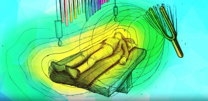 Qui est Isabelle Géry-Haugmard et que fait-elle comme travail ? Elle explique qu’elle est une thérapeute par le son, utilisant les vibrations sonores afin de faire une déprogrammation des mémoires négatives, pratique les constellations familiales dans le cadre d’une psycho-généalogie, la thérapie quantique par le son et surtout à travers tous ses outils, favorise un rééquilibrage, une libération et une auto-créativité de ses consultants. Tout d’abord, pour la consulter, il faut le vouloir car son village, les Brouzils, est paumé au cœur de la nature vendéenne, mais son cabinet ne désemplit pas. Une maison entourée d’un jardin. On enlève ses chaussures avant d’entrer et on attend dans une pièce pleine de l’évocation de ses activités : photos, tableaux, instruments de musique, etc. On entre dans le cabinet lui-même : une table de soin qui est spéciale taillée dans une pierre très particulière, deux chaises qui se font face pour échanger avant et après le soin une foule d’instruments sonores tout autour de la pièce (Diapasons, bols tibétains, bols de cristal, tambours, etc.
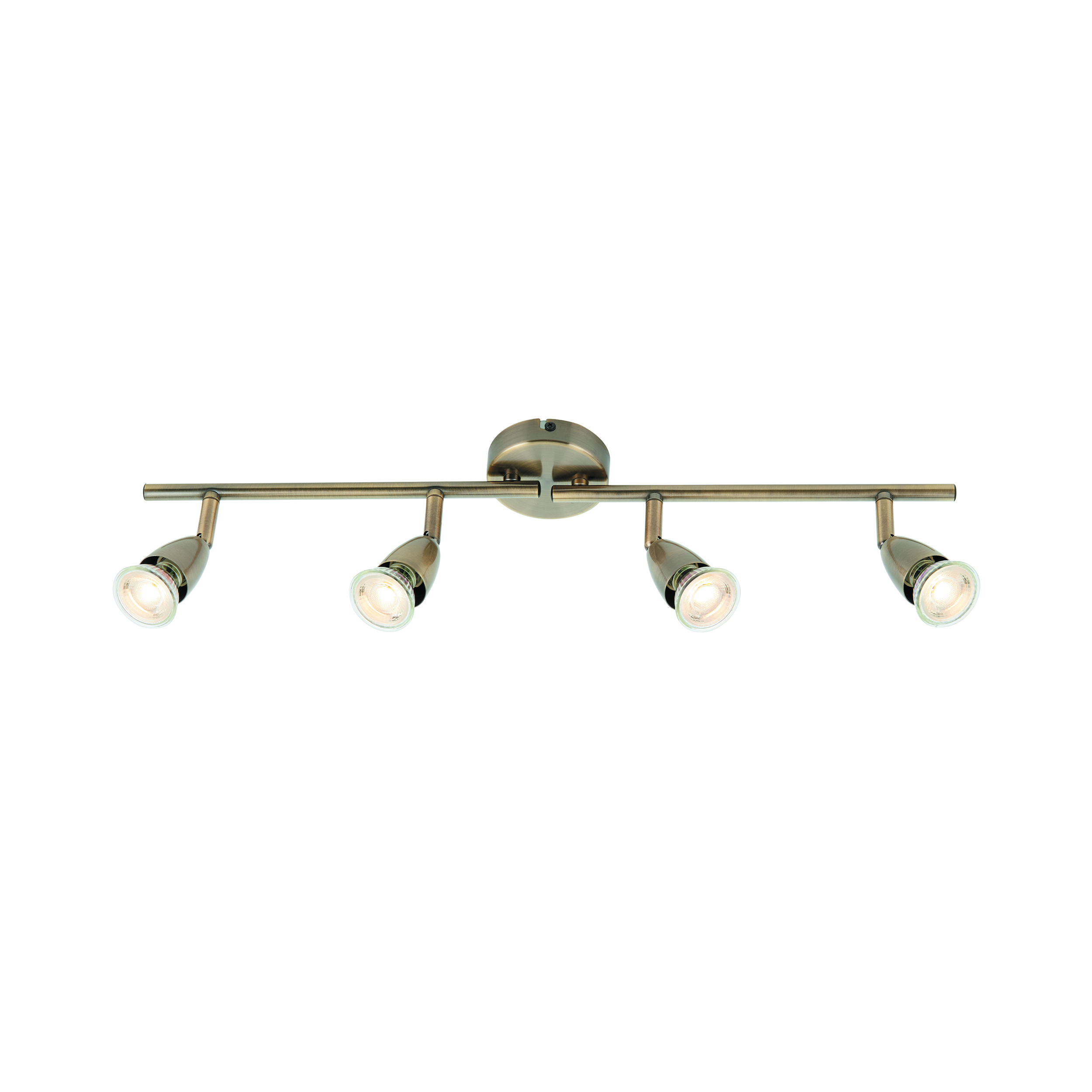 A simple four light spotlight bar from the Amalfi range finished in antique brass. Fully adjustable so light can be directed exactly where you need it. Suitable for commercial and domestic use. Matching items and different colour options available
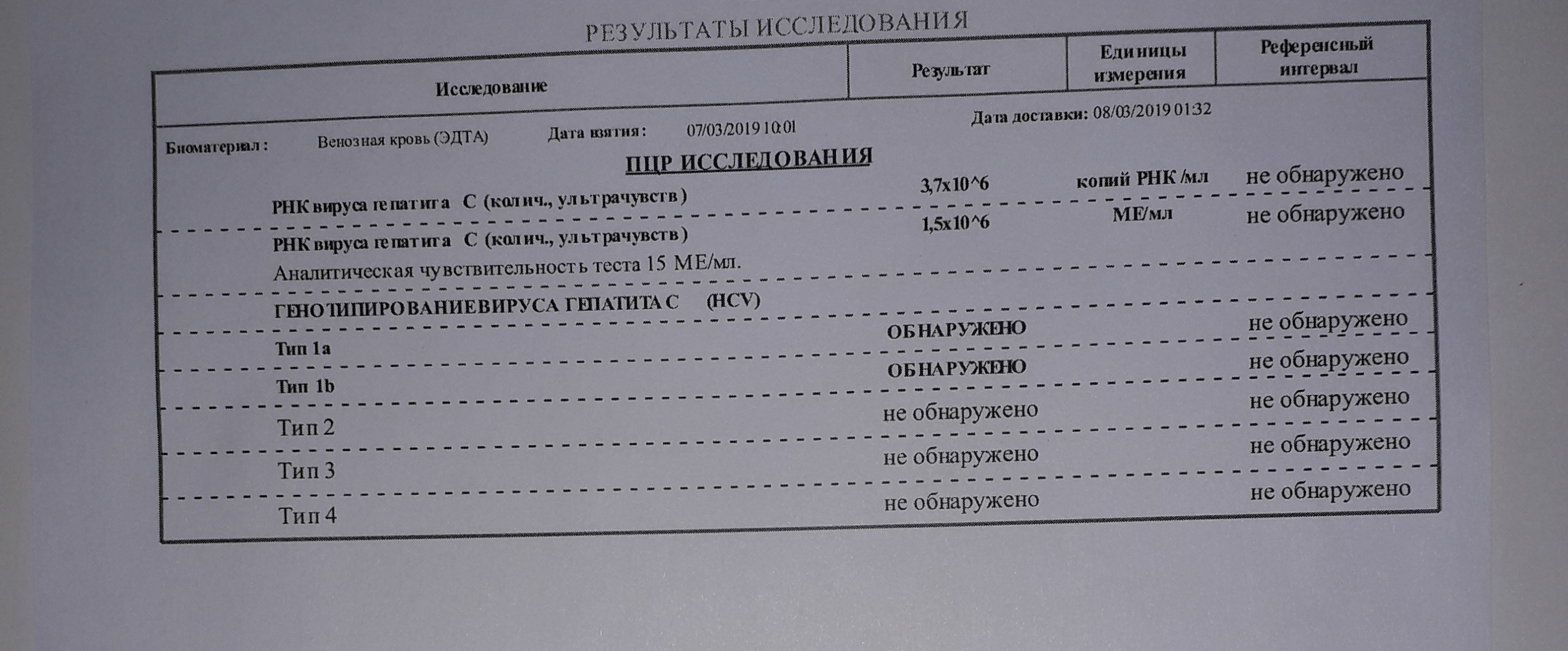 Обнаружено два генотипа 1a и 1 b.

+-------+

WHAT TO PRODUCE: Starting at the line that holds "A simple four" and ending at the last line of the material above, repeat each line exactly, both ends included, and leave the pictures out.

TASK SOLUTION:
 A simple four light spotlight bar from the Amalfi range finished in antique brass. Fully adjustable so light can be directed exactly where you need it. Suitable for commercial and domestic use. Matching items and different colour options available
 Обнаружено два генотипа 1a и 1 b.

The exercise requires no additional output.